Report on Popocatepetl (Mexico) — 9 March-15 March 2005
Smithsonian / US Geological Survey Weekly Volcanic Activity Report, 9 March-15 March 2005
Managing Editor: Gari Mayberry
Please cite this report as:
Global Volcanism Program, 2005. Report on Popocatepetl (Mexico). In: Mayberry, G (ed.), Weekly Volcanic Activity Report, 9 March-15 March 2005. Smithsonian Institution and US Geological Survey.
19.023°N, 98.622°W; summit elev. 5393 m
All times are local (unless otherwise noted)
During 9-15 March, Popocatépetl occasionally emitted steam, gas, and small amounts of ash. An ash emission on 9 March at 1304 produced a plume that rose to ~500 m above the summit crater and drifted E. Ash fell in the towns of Huejotzingo (~30 km NE of the volcano) and Puebla (~45 km E). The Alert Level at Popocatépetl remained at Yellow Phase I.
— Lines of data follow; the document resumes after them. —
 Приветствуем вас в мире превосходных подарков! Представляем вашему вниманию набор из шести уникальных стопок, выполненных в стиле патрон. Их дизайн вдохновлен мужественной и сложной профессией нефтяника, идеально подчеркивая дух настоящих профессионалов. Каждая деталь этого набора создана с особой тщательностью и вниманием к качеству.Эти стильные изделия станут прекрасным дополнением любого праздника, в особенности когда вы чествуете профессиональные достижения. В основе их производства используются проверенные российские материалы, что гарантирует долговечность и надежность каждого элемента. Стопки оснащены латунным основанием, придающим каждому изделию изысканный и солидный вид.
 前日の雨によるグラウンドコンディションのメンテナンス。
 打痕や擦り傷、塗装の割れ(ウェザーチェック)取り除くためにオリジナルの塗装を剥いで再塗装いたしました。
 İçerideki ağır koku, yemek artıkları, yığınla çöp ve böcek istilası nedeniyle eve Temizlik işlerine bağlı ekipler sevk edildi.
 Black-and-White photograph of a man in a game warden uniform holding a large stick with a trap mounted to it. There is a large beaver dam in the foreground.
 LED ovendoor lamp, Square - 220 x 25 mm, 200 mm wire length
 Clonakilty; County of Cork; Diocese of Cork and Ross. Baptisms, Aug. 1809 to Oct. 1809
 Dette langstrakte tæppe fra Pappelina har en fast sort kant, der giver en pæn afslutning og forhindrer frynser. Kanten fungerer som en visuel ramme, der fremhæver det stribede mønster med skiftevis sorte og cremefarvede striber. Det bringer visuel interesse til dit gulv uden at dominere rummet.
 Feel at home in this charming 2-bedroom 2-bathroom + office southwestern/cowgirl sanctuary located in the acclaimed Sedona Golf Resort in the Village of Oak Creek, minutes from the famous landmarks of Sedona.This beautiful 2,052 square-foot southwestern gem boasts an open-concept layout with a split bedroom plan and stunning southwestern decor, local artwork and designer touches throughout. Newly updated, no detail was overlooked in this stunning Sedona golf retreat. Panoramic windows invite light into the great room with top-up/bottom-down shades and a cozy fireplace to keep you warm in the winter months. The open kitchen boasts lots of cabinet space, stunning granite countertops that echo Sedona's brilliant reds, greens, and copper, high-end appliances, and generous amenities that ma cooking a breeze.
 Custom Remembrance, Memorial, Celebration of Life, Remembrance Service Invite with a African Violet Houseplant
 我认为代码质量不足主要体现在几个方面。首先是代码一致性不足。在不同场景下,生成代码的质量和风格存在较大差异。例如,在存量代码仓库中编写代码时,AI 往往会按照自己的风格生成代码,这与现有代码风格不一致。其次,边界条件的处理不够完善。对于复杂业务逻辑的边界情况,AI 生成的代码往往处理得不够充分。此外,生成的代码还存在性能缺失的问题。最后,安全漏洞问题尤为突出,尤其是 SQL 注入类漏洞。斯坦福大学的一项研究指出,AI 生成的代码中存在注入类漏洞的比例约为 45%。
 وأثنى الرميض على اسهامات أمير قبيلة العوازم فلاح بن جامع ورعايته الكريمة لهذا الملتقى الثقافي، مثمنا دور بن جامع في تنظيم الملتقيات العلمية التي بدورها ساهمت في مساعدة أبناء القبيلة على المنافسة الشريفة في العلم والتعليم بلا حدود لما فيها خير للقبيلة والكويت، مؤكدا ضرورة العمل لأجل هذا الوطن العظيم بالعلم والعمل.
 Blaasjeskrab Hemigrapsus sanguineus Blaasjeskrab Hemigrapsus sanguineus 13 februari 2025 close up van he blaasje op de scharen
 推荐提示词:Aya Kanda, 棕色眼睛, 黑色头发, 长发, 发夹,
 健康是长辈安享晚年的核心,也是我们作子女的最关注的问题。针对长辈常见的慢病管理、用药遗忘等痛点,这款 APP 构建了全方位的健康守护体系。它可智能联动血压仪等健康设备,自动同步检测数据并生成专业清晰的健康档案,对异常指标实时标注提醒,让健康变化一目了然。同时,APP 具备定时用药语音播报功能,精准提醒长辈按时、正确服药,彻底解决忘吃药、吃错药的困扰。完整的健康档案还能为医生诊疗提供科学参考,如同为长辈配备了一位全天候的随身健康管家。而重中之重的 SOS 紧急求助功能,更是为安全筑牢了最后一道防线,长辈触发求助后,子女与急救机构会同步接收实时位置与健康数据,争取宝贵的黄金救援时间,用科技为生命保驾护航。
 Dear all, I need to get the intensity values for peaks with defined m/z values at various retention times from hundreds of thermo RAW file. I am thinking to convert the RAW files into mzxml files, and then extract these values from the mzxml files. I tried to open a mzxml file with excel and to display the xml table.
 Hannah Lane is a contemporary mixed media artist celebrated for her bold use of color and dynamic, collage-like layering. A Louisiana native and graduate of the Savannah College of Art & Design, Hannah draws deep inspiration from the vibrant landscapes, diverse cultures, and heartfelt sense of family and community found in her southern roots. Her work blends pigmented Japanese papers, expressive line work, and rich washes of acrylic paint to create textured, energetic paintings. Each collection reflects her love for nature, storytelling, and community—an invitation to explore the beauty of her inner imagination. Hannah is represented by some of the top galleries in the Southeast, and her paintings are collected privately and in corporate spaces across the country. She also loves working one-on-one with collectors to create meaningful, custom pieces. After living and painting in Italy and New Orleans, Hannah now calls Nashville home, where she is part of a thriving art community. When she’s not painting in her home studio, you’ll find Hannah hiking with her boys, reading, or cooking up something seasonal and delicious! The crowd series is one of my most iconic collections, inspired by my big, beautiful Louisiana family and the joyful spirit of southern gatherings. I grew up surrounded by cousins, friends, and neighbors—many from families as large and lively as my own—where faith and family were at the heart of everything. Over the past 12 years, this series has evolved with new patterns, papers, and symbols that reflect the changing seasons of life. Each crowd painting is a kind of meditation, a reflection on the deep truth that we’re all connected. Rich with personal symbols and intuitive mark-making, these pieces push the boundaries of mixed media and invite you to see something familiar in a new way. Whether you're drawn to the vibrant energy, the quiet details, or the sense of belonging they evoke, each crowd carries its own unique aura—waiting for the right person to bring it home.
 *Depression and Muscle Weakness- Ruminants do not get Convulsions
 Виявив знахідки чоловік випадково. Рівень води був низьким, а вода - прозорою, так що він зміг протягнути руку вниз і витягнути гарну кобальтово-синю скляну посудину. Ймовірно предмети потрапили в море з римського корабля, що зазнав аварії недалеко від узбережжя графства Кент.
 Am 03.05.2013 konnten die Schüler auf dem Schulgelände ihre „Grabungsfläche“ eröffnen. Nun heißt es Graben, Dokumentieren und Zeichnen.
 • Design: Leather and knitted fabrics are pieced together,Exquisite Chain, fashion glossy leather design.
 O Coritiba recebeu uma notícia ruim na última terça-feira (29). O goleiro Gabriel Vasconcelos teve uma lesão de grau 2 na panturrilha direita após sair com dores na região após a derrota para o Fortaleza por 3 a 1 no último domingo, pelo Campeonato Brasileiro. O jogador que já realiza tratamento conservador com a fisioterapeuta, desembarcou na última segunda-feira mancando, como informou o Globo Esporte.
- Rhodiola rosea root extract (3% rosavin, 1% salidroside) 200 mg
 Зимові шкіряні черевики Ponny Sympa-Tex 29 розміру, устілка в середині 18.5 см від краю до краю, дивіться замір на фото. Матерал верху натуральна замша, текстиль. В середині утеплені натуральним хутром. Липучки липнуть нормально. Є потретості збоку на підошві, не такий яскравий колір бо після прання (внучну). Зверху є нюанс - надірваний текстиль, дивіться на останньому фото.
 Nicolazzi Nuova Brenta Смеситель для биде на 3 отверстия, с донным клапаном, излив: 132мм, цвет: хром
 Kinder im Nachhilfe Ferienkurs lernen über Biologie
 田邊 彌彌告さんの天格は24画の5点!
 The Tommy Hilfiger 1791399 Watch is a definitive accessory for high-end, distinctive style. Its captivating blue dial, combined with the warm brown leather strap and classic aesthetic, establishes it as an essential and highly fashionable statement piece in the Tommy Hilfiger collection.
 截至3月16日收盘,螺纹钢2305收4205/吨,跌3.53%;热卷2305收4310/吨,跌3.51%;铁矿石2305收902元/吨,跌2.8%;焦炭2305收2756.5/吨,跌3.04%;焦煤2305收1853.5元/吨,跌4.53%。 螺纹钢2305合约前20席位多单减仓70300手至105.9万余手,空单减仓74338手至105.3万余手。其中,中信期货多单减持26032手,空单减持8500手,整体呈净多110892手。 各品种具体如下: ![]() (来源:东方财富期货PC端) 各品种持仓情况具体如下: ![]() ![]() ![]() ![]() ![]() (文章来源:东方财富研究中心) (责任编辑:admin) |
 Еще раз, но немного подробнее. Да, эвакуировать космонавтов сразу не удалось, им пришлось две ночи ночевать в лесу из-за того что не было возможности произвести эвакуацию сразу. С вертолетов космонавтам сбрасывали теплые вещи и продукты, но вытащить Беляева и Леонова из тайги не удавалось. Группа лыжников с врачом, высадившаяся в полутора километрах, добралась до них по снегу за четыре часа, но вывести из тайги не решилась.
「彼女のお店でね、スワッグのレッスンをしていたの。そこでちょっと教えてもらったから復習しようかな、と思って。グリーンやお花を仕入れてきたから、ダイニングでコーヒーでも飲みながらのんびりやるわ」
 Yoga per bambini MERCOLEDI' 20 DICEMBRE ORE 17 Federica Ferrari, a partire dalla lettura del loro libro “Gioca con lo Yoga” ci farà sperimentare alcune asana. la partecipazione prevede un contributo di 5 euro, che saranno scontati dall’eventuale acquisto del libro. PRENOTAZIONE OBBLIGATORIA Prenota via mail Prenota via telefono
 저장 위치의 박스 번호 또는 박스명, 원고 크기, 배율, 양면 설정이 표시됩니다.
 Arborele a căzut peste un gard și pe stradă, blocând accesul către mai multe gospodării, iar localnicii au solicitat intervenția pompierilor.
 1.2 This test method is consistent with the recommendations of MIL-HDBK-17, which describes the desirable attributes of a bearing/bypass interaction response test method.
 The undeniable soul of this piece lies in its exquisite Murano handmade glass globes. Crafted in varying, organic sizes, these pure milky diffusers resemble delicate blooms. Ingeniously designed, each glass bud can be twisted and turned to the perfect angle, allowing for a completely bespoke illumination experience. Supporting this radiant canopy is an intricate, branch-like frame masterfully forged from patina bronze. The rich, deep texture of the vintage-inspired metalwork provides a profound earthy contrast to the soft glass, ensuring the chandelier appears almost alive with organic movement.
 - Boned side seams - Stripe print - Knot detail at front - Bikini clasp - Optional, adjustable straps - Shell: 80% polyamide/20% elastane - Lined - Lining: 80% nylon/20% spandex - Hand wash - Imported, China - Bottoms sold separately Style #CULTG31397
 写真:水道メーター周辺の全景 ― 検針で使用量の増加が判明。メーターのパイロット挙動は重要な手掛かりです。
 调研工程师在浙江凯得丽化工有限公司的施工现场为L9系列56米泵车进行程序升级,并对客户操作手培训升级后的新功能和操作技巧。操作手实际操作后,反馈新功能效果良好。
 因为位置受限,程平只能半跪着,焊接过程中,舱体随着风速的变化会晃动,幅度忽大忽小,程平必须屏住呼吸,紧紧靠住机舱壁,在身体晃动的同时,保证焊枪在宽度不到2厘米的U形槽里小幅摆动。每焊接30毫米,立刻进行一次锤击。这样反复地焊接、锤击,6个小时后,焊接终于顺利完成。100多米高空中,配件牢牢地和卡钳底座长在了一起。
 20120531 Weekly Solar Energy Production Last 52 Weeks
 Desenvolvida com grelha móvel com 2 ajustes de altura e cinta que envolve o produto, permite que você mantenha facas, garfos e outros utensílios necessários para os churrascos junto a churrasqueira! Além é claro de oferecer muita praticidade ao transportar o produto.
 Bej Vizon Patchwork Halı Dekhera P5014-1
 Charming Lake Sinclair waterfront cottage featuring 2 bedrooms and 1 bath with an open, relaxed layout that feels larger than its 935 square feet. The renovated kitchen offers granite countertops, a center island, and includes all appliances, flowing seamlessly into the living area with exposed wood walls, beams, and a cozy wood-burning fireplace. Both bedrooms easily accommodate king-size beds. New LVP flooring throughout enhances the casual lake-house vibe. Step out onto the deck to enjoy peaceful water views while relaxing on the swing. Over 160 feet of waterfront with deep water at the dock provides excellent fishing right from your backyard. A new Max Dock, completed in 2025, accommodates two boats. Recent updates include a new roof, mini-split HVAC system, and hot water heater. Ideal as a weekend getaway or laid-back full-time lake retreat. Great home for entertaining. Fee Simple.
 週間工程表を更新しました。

Geologic Background. Volcán Popocatépetl, whose name is the Aztec word for smoking mountain, rises 70 km SE of Mexico City to form North America's 2nd-highest volcano. The glacier-clad stratovolcano contains a steep-walled, 400 x 600 m wide crater. The generally symmetrical volcano is modified by the sharp-peaked Ventorrillo on the NW, a remnant of an earlier volcano. At least three previous major cones were destroyed by gravitational failure during the Pleistocene, producing massive debris-avalanche deposits covering broad areas to the south. The modern volcano was constructed south of the late-Pleistocene to Holocene El Fraile cone. Three major Plinian eruptions, the most recent of which took place about 800 CE, have occurred since the mid-Holocene, accompanied by pyroclastic flows and voluminous lahars that swept basins below the volcano. Frequent historical eruptions, first recorded in Aztec codices, have occurred since Pre-Columbian time.